## Requirement
This exercise calls for the line with "切尔西首发:12-约恩森、3", the line with "Vegan Nation radio", and all lines between them in the material below, output exactly and with no other lines.

## Information shown
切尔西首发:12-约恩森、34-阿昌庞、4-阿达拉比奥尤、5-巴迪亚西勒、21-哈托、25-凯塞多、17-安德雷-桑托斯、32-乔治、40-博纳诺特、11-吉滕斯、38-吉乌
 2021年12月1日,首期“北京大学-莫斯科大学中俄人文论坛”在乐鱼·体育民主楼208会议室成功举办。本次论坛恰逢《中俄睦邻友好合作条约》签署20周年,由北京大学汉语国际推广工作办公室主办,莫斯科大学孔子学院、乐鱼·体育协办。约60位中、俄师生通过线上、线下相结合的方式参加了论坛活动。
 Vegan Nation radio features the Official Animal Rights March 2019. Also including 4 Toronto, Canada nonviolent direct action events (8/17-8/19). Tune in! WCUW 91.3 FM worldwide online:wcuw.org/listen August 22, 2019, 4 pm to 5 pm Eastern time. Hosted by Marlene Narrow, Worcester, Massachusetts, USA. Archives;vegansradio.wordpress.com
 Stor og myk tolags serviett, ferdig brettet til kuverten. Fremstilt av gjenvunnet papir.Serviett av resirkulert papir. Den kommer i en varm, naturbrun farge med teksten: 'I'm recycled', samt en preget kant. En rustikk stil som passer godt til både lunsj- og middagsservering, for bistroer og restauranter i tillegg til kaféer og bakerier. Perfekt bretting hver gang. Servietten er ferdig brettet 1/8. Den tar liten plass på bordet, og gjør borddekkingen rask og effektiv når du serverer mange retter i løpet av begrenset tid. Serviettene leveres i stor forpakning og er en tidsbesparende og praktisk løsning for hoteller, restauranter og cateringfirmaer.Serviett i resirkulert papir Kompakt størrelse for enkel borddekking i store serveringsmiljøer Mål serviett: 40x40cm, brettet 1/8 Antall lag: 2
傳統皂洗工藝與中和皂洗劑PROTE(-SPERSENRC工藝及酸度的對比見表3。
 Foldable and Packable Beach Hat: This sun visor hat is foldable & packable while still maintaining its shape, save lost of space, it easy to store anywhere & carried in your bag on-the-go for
==
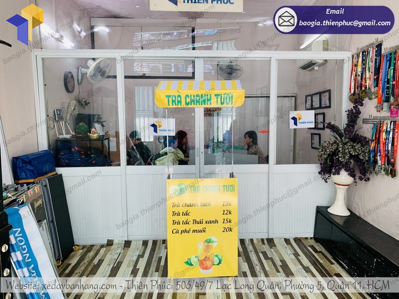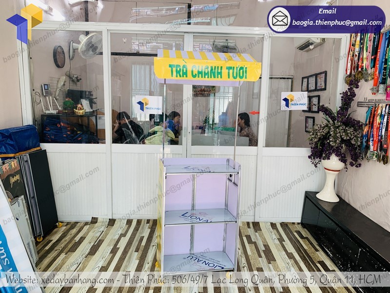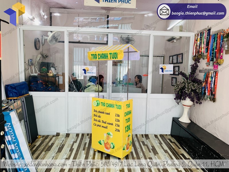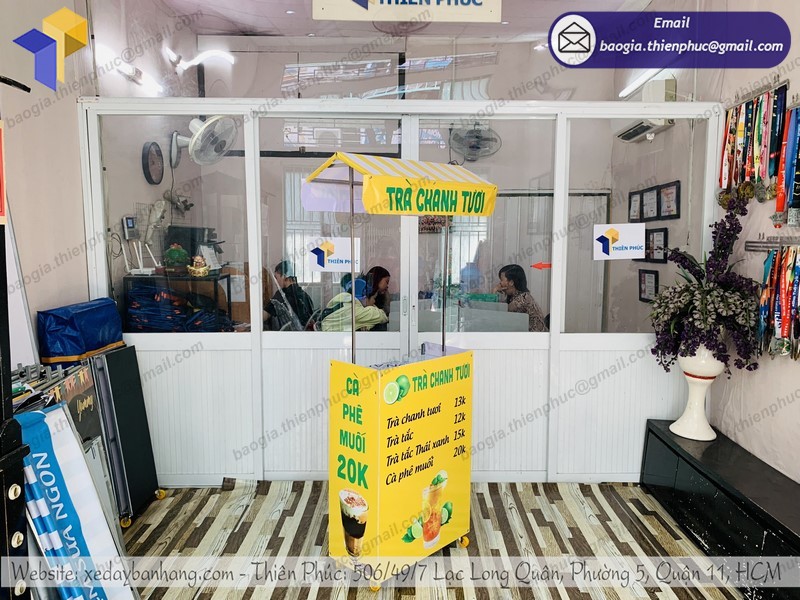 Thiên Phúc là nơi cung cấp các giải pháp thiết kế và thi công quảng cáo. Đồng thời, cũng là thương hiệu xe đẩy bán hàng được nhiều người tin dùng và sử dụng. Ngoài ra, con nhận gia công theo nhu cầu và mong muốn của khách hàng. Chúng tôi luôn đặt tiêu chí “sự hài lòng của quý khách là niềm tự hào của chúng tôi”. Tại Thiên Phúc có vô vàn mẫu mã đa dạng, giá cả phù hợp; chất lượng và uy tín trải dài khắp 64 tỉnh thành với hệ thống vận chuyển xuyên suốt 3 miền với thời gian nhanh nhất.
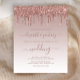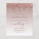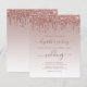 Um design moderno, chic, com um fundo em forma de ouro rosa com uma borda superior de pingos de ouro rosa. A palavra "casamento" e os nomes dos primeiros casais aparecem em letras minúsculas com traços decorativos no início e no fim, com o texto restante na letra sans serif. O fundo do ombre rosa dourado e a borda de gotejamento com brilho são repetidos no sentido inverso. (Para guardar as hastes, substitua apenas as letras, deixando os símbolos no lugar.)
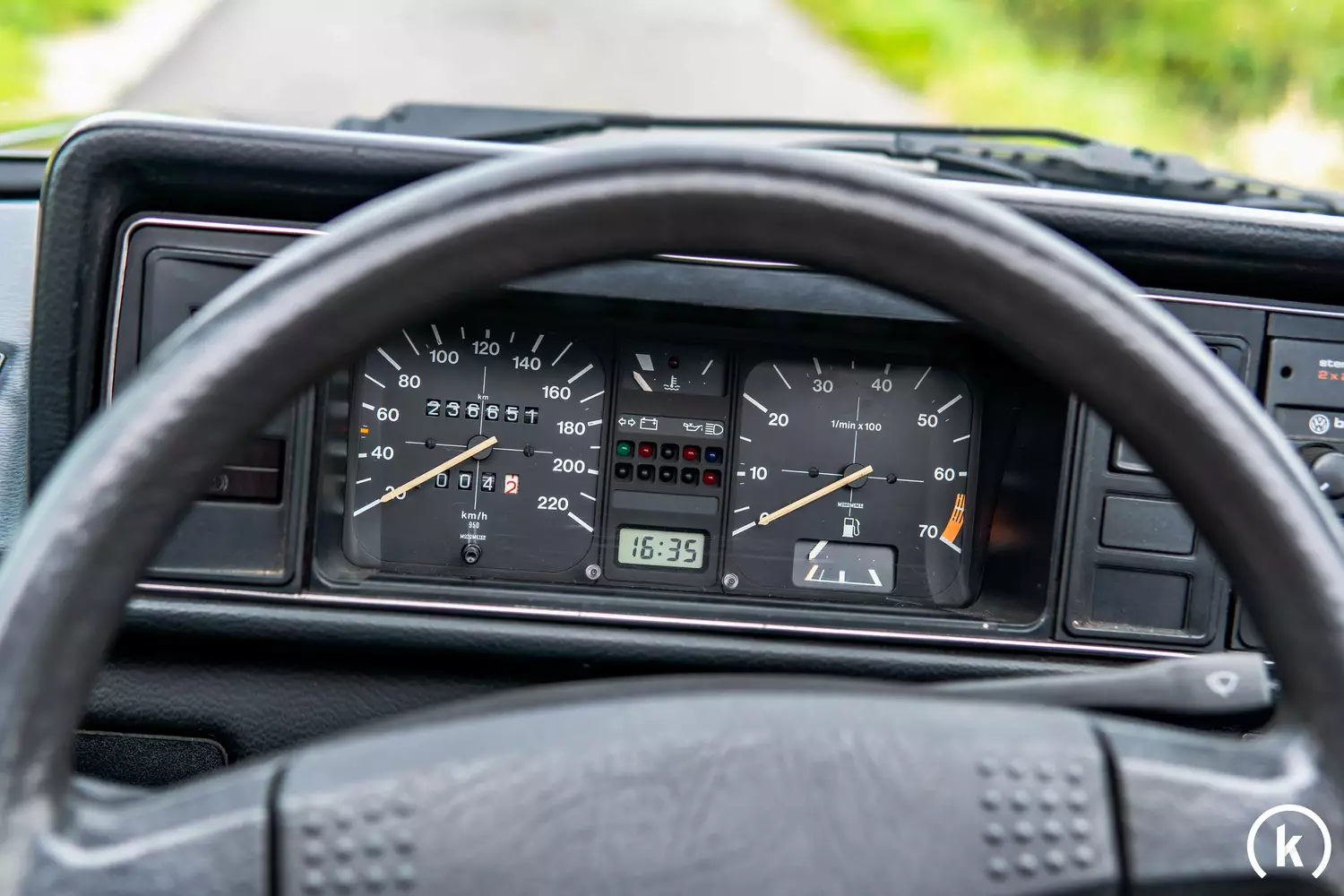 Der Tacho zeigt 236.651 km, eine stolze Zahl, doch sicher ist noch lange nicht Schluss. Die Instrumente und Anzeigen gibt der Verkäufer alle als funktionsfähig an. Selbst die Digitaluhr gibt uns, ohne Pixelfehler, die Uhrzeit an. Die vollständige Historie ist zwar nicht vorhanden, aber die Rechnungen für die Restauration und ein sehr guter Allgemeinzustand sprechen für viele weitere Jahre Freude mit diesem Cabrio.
---
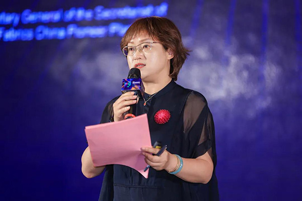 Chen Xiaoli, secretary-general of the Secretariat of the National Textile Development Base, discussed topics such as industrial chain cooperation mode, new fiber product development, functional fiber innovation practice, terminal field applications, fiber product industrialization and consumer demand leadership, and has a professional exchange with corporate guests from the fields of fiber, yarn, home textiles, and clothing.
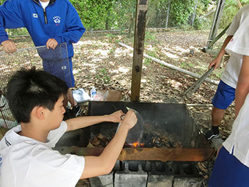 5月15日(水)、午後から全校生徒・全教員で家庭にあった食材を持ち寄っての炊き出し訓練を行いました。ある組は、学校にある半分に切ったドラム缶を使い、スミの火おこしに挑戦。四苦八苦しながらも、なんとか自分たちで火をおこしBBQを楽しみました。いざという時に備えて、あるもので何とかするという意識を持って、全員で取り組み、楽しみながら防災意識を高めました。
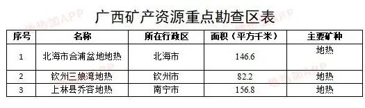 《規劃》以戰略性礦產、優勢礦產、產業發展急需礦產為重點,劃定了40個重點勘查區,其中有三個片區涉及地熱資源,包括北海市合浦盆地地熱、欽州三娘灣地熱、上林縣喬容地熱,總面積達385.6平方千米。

## Completed exercise
切尔西首发:12-约恩森、34-阿昌庞、4-阿达拉比奥尤、5-巴迪亚西勒、21-哈托、25-凯塞多、17-安德雷-桑托斯、32-乔治、40-博纳诺特、11-吉滕斯、38-吉乌
 2021年12月1日,首期“北京大学-莫斯科大学中俄人文论坛”在乐鱼·体育民主楼208会议室成功举办。本次论坛恰逢《中俄睦邻友好合作条约》签署20周年,由北京大学汉语国际推广工作办公室主办,莫斯科大学孔子学院、乐鱼·体育协办。约60位中、俄师生通过线上、线下相结合的方式参加了论坛活动。
 Vegan Nation radio features the Official Animal Rights March 2019. Also including 4 Toronto, Canada nonviolent direct action events (8/17-8/19). Tune in! WCUW 91.3 FM worldwide online:wcuw.org/listen August 22, 2019, 4 pm to 5 pm Eastern time. Hosted by Marlene Narrow, Worcester, Massachusetts, USA. Archives;vegansradio.wordpress.com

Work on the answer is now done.